# Cat Sighing



## dweamgoil

My baby boy Sasha loves to sit on me for as long as he can and nap. Sometimes, he just wants to sit on me and hang out. It really is very sweet although sometimes a bit limiting. I have noticed lately that he seems to sigh a lot, particularly when I pet him in his favorite spot and right before going to sleep.

At first, I thought that it might be indicative of some type of breathing blockage or something undetected along those lines...none of my other cats have ever sighed. I researched a bit on the Internet and it seems some cats do this in utter contentment, which melted my heart....so I guess, he's more swooning than sighing...how cute :love2 !

Does anyone else notice their cat (s) sighing?


----------



## BotanyBlack

yeah Sherbert used to sigh right before he dozed off on my lap.

Funny this post reminded me of a story I read a few years back called "Puppy Sighs"


----------



## MowMow

I never knew what it meant. That gives me a warm fuzzy now.
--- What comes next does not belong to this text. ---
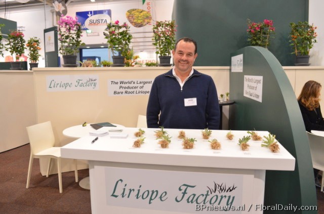 Manfred Robert of Liriope Factory. This US company supplies bare root Lirope mainly to USA and Europe. In both continents, the demand is increasing annually. According to Robert, the demand in Europe increases around 10 percent a year and in the US around 20 percent. Currently, Liriope Factory has 18 varities of Liriope in their assortment.
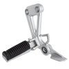 The footpeg with bracket in a motorcycle provides a secure place for the rider's foot while riding, supporting weight and aiding in balance, with the bracket ensuring proper attachment to the frame.

MowMow always lets out a big sigh when we're cuddling in bed..just before he falls asleep.


----------



## catloverami

My observation is that cats "sigh" just before they're about to fall asleep. It seems to be a natural reflex. In the case of athletes, an exhalation before an exertion lowers the heart rate, and in yoga a long slow exhalation causes relaxation and reduces anxiety. Cats and other animals are yogi masters and do it instinctively.


----------



## dweamgoil

catloverami said:


> My observation is that cats "sigh" just before they're about to fall asleep. It seems to be a natural reflex.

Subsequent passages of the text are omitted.